How does this affect other platforms? Why was the NO_EEP_SWAP flag set
in the first place? Christian, care to comment on this?

-Toke
Christian Lamparter April 15, 2023, 4:02 p.m. UTC | #2
Hi,

On 4/15/23 17:25, Toke Høiland-Jørgensen wrote:
> Álvaro Fernández Rojas <noltari@gmail.com> writes:
> 
>> BCM63xx (Big Endian MIPS) devices store the calibration data in MTD
>> partitions but it needs to be swapped in order to work, otherwise it fails:
>> ath9k 0000:00:01.0: enabling device (0000 -> 0002)
>> ath: phy0: Ignoring endianness difference in EEPROM magic bytes.
>> ath: phy0: Bad EEPROM VER 0x0001 or REV 0x00e0
>> ath: phy0: Unable to initialize hardware; initialization status: -22
>> ath9k 0000:00:01.0: Failed to initialize device
>> ath9k: probe of 0000:00:01.0 failed with error -22
> 
> How does this affect other platforms? Why was the NO_EEP_SWAP flag set
> in the first place? Christian, care to comment on this?

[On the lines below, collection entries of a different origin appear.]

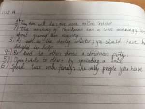 After reading further into the text, we discussed why scrooge disliked Christmas so much and though about how we could persuade him to celebrate Christmas.
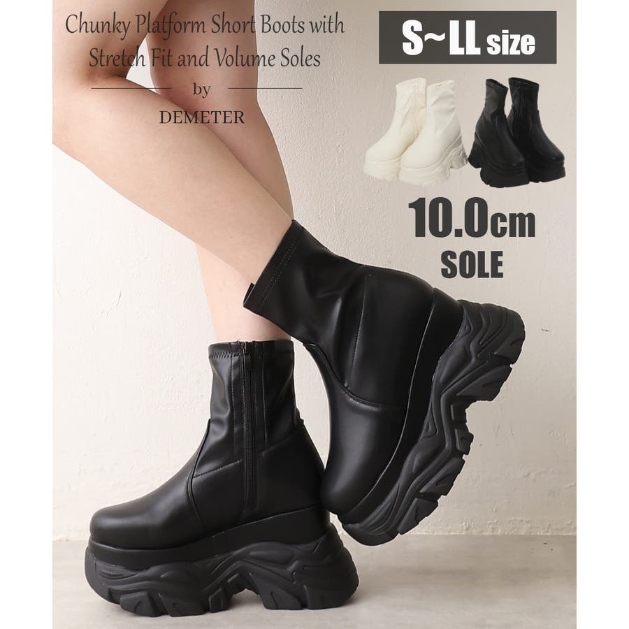 レディース/DMTR/DEMETER/デメテル/シューズ/靴/パンプス/スニーカー/ダッドスニーカー/ボリュームスニーカー/サンダル/ローファー/マニッシュ/ブーツ/ショートブーツ/ロングブーツ/ヒール/チャンキーヒール/太ヒール/厚底/厚底ソール/ボリュームソール/プラットフォーム/バルキー/美脚/脚長/人気/プチプラ/韓国/韓国ファッション/おすすめ/カジュアル/キレイめ/おしゃれ/オシャレ/お洒落/秋/冬/秋冬/秋物/冬物/春/夏/春夏/春物/夏物/新作/AW/SS/セクシー/大人/ストリート/シンプル/厚底ブーツ/厚底ショートブーツ/ストレッチ/ストレッチブーツ/ストレッチショートブーツ/ストレッチ素材/デザインソール/ダブルソール/ジップ/ジッパー/ファスナー/ショートブーツ/厚底ショートブーツ/ボリューム感/ボリューム/クール/モード/ストリート/スタイルアップ/デイリー/クッション/安定感/歩きやすい/履きやすい/S/M/L/LL/黒/BLACK/ブラック/アイボリー/IVORY/スムース
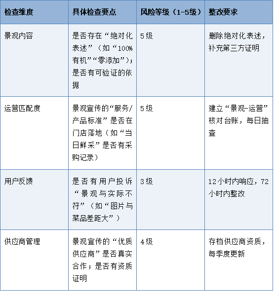 为帮助企业提前识别虚假性风险,这里提供一个“景观真实性自查清单”参考(表3),企业可每月对照检查,从源头规避风险。
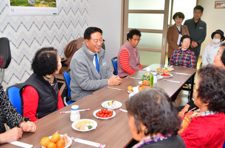 | 19일 남면 죽분경로당을 찾은 김한종 장성군수가 어르신들과 환담을 나누고 있다. |
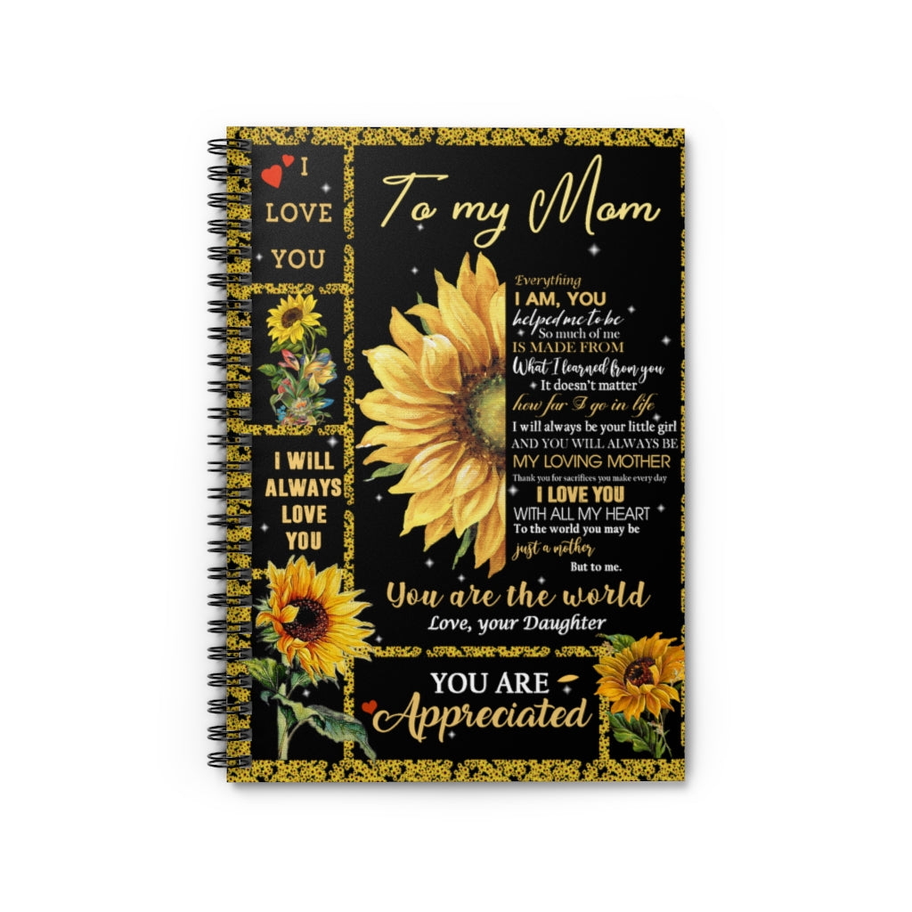 Spiral Notebook Sunflower To My Mom Everything I Am You Helped Me To Be So Much Of Me Is Made Ruled Line
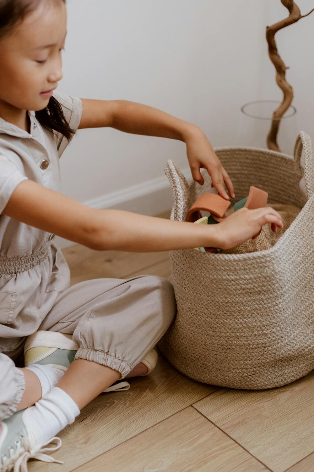 Make cleanup fun and easy with woven baskets in your child’s playroom. They’re perfect for storing toys, books, and games while adding a playful touch.

I knew this would come up. I've written what I know and remember in the
pull-request/buglink.

Maybe this can be added to the commit?
Link: https://github.com/openwrt/openwrt/pull/12365

| From what I remember, the ah->ah_flags |= AH_NO_EEP_SWAP; was copied verbatim from ath9k_of_init's request_eeprom.

Since the existing request_firmware eeprom fetcher code set the flag,
the nvmem code had to do it too.

In theory, I don't think that not setting the AH_NO_EEP_SWAP flag will cause havoc.
I don't know if there are devices out there, which have a swapped magic (which is
used to detect the endianess), but the caldata is in the correct endiannes (or
vice versa - Magic is correct, but data needs swapping).

I can run tests with it on a Netzgear WNDR3700v2 (AR7161+2xAR9220)
and FritzBox 7360v2 (Lantiq XWAY+AR9220). (But these worked fine.
So I don't expect there to be a new issue there).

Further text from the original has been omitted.